Let A be an Array of the length n. A is filled randomly with distinct numbers ($\forall (i,j) < n: i \neq j \implies A[i] \neq A[j] $).
What is the total expected value (amount) of pairs (indexed i,j) with $i < j \land A[i] > A[j]$ in an array of the length n?
I started to look at a certain index $i$ but couldn't figure out the expectancy value of the count of numbers with an index smaller than $i$ and bigger than the number at index $i$.
Implementing that code I figured out, that the higher n is the nearer the expectancy value is to the count of pairs, when the array is sorted descending.
I would appreciate any hint to help me wrapping my mind around it.
You are counting what are called "inversions of permutations".

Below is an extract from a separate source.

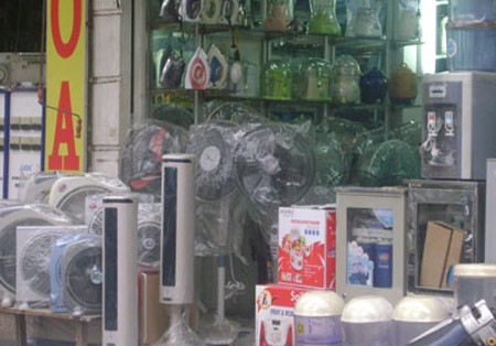 Dạo một vòng qua các "phố điện tử, điện lạnh" như Tôn Đức Thắng, Phố Huế, Hai Bà Trưng... các sản phẩm như điều hòa, quạt hơi nước, tủ lạnh đã được bày bán la liệt. Chủ cửa hàng điện lạnh Hồng Đức ở 205 Tôn Đức Thắng cho biết, "Đối phó với việc cắt điện luân phiên, sản phẩm được khách hàng tìm mua nhiều nhất hiện nay là các thiết bị tích điện, quạt hơi nước, máy phát điện..."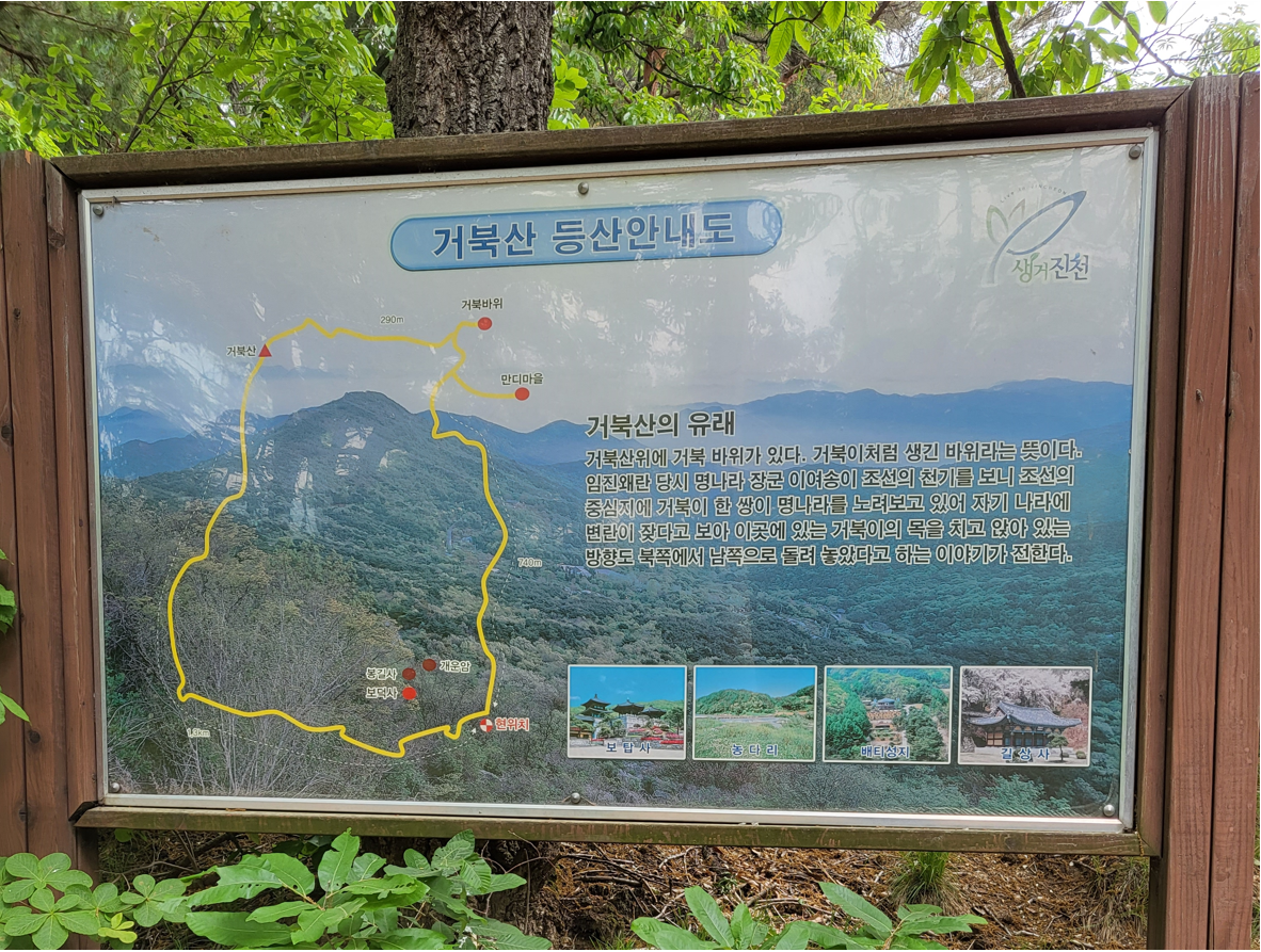 이 산의 이름인 거북산처럼, 정상을 향하여 오르는 곳마다 작은 구릉을 만나면 바위들이 버티고 있으며, 이 바위들의 모습이 거북을 닮아있어 거북바위란다. 거북이는 우둔해서 토끼 꾀에 잘 속아 넘어가기는 하지만, 끈기가 있고 진득해서 끝까지 경주하면 이긴다는 우리 설화 속의 거북의 이미지처럼 그렇게 진득하게 돌아들면 된다.

For each $i$ and $j$ with $i < j$, the probability that $A[i] > A[j]$ is $1/2$ (since it's equally likely for $A[i]$ or $A[j]$ to be the larger of the two).
There are $n(n-1)/2$ pairs of indices $i$ and $j$, and so the expectation you want is $n(n-1)/4$.
It can also be shown that the standard deviation of the number of inversions of a permutation of $n$ elements is on the order of $n^{3/2}$, so as $n$ gets larger these distributions get more concentrated relative to their mean.